British geographer and academic

Florence Clark Miller (1889-17 March 1967) was a British geographer and academic.

==Early life and education==

Miller was born in 1889. Her first degree was in History from the University of Leeds; she graduated in 1911 and became a school teacher.

==Career==

In 1921 she became lecturer in geography at the University College of Southampton. She was warden of Montefiore Hall and in the 1920s "had the difficult task of encouraging all those women students whose homes were in Southampton to take full part in the life of the University College". In 1929 she was one of the organisers of an exhibition organised by the Southampton Geographical Association, with the aim of supporting teachers to be informed about developments in geographical science. Miller gave financial support to the student geography society. During the Second World War, she taught map-reading to Royal Air Force personnel.

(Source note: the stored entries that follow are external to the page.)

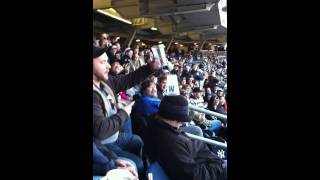 影片中,一位帶著漁夫帽的洋基球迷,竟然就在球賽還在進行時,沉沉睡去。而坐在他後面的球迷決定開他一個小玩笑,開始在這位打瞌睡的球迷的帽子上,疊起杯子來,且居然還讓他成功的疊起了3個杯子,讓現場觀眾拍手叫好。
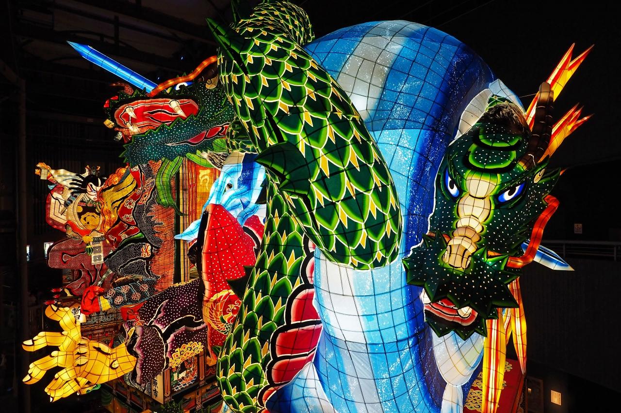 五所川原佞武多が縦に長いのに比べ、青森ねぶたは横に大きいのが特徴で、モチーフの見せ方がかなり異なる。
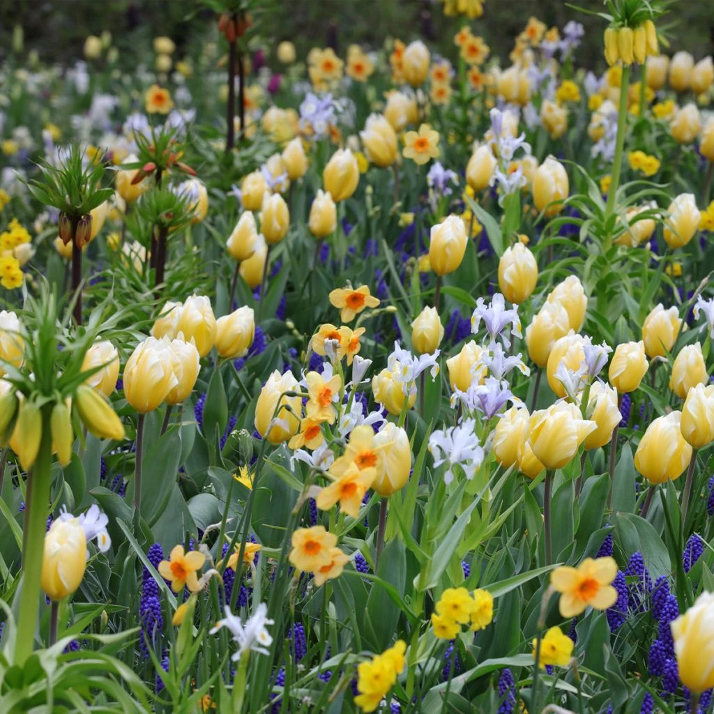 Une collection qui met en scène de façon brillante le contraste et l’harmonie en jouant avec la complémentarité des couleurs et des formes de fleurs. Sans oublier le parfum. La tulipe et le narcisses, tous deux dans des tons de jaune, percutent le bleu violacé vif des muscaris, tandis que la fleur de porcelaine de l’iris, d’un blanc lavé de mauve et rehaussée d’or, harmonise l’ensemble. Tous ces bulbes qui fleurissent de concert créent un tableau à la fois joyeux et plein de fraîcheur qui annonce en fanfare le retour du printemps. Ajoutez de la hauteur et du style à votre massif en intercalant des !

She was appointed as senior lecturer in 1945, and in 1949 the department of geography split from the department of economics and Miller became head of the new department. She was one of the founding members of Southampton University's senate. Miller retired in 1954 and died in 1967.

==Legacy==

Miller was described as "a most original teacher who caught and easily held the minds of students". The University of Southampton awards an annual Florence Miller prize in geography in her memory, established in 1998.

Miller was interested in local history, and continued to work on this during her retirement.

==Publications==

- "Early Maps of China and the Mediterranean", 1921, in The Geographical Teacher, volume 11.
- "Miss K.C. Boswell", 1954, in Geography, volumes 37-8 (obituary of her colleague).